Supplied data –
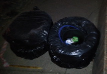 Как рассказал изданию житель города по имени Виктор, в 23:30 четверга он, идя с друзьями к метро после тренировки, увидел на памятнике плакат с надписью "Русофоб", а под ним - четыре автопокрышки, завернутые попарно в мешки для мусора. Внутри одной из пар покрышек стояло пластмассовое ведро. В нем, как выяснилось впоследствии, находилось около пяти коктейлей Молотова и часовой механизм.
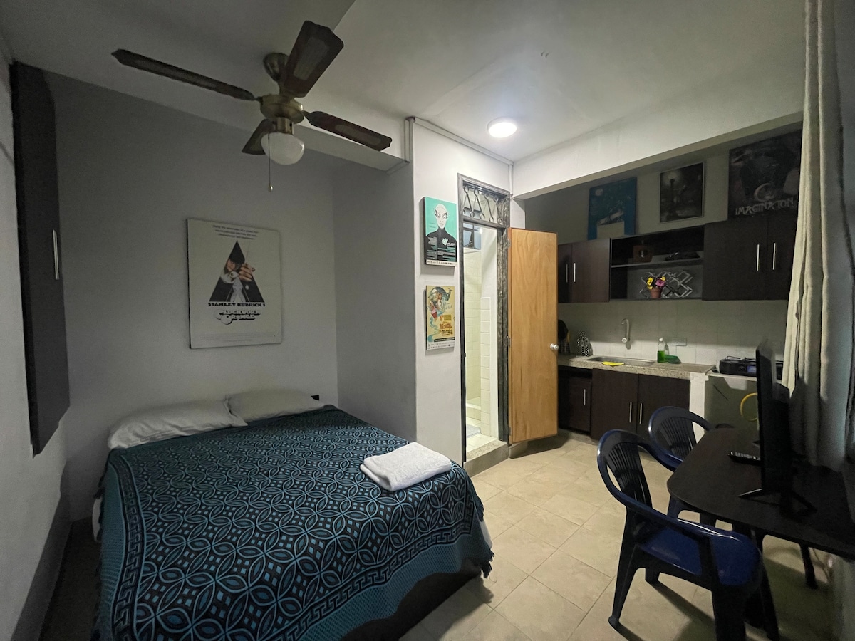 या मध्यवर्ती आणि शांत अपार्टमेंट स्टुडिओमध्ये स्वत: ला घरी बनवा. फक्त काही पायर्यांच्या अंतरावर असलेल्या रेस्टॉरंट्स, सुपरमार्केट्स आणि सौंदर्याच्या क्लिनिकच्या निकटतेचा आनंद घ्या. स्वतंत्र प्रवेशद्वारासह आणि तिसर्या मजल्यावर, तुम्हाला आवश्यक असलेल्या सर्व गोष्टी असलेले सुसज्ज किचन, नेटफ्लिक्स, गरम पाणी आणि एअर कंडिशनिंगसह शॉवर.
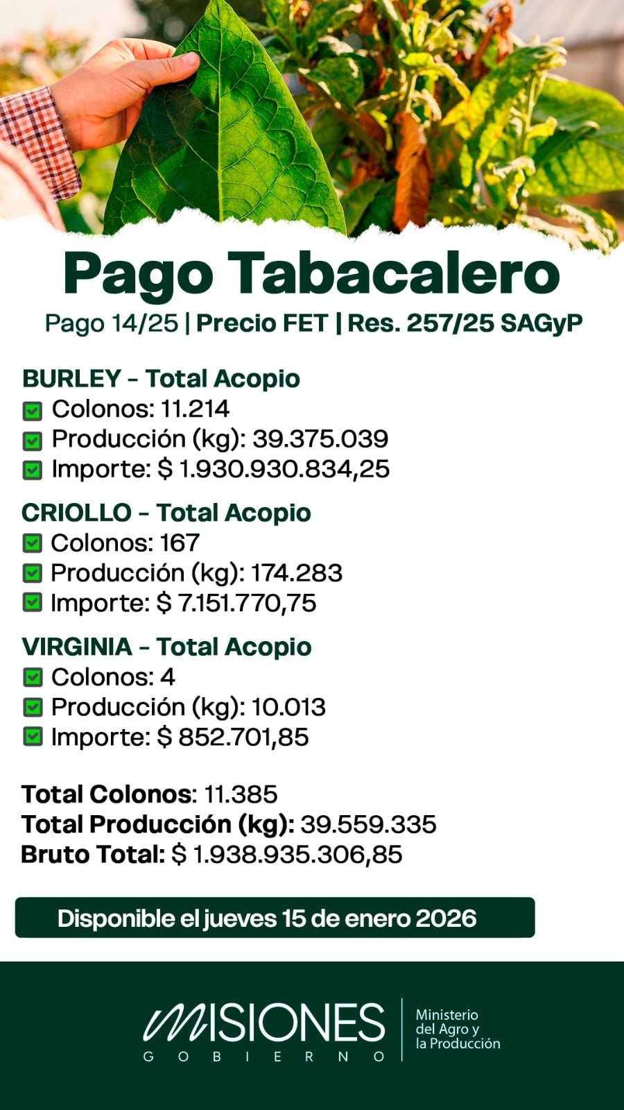El Ministerio del Agro y la Producción confirmó que el próximo 15 de enero se concretará un nuevo desembolso del Fondo Especial del Tabaco (FET) correspondiente al tramo 14/25, por un monto total de $1.938.935.306,85, que alcanzará a 11.385 familias productoras en distintos puntos de la provincia.
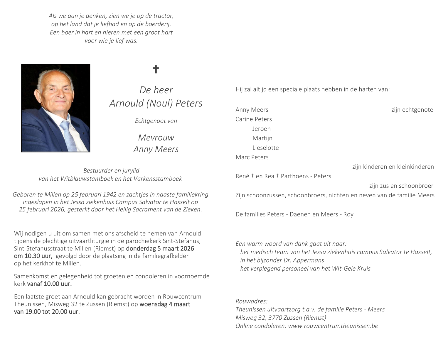 Décédé à Hasselt (3500) le mercredi 25 février 2026 à l'âge de 84 ans

Task prompt – A word-for-word copy of the data above is needed, one that omits the pictures.

Solved problem –
 Как рассказал изданию житель города по имени Виктор, в 23:30 четверга он, идя с друзьями к метро после тренировки, увидел на памятнике плакат с надписью "Русофоб", а под ним - четыре автопокрышки, завернутые попарно в мешки для мусора. Внутри одной из пар покрышек стояло пластмассовое ведро. В нем, как выяснилось впоследствии, находилось около пяти коктейлей Молотова и часовой механизм.
 या मध्यवर्ती आणि शांत अपार्टमेंट स्टुडिओमध्ये स्वत: ला घरी बनवा. फक्त काही पायर्यांच्या अंतरावर असलेल्या रेस्टॉरंट्स, सुपरमार्केट्स आणि सौंदर्याच्या क्लिनिकच्या निकटतेचा आनंद घ्या. स्वतंत्र प्रवेशद्वारासह आणि तिसर्या मजल्यावर, तुम्हाला आवश्यक असलेल्या सर्व गोष्टी असलेले सुसज्ज किचन, नेटफ्लिक्स, गरम पाणी आणि एअर कंडिशनिंगसह शॉवर.
El Ministerio del Agro y la Producción confirmó que el próximo 15 de enero se concretará un nuevo desembolso del Fondo Especial del Tabaco (FET) correspondiente al tramo 14/25, por un monto total de $1.938.935.306,85, que alcanzará a 11.385 familias productoras en distintos puntos de la provincia.
 Décédé à Hasselt (3500) le mercredi 25 février 2026 à l'âge de 84 ans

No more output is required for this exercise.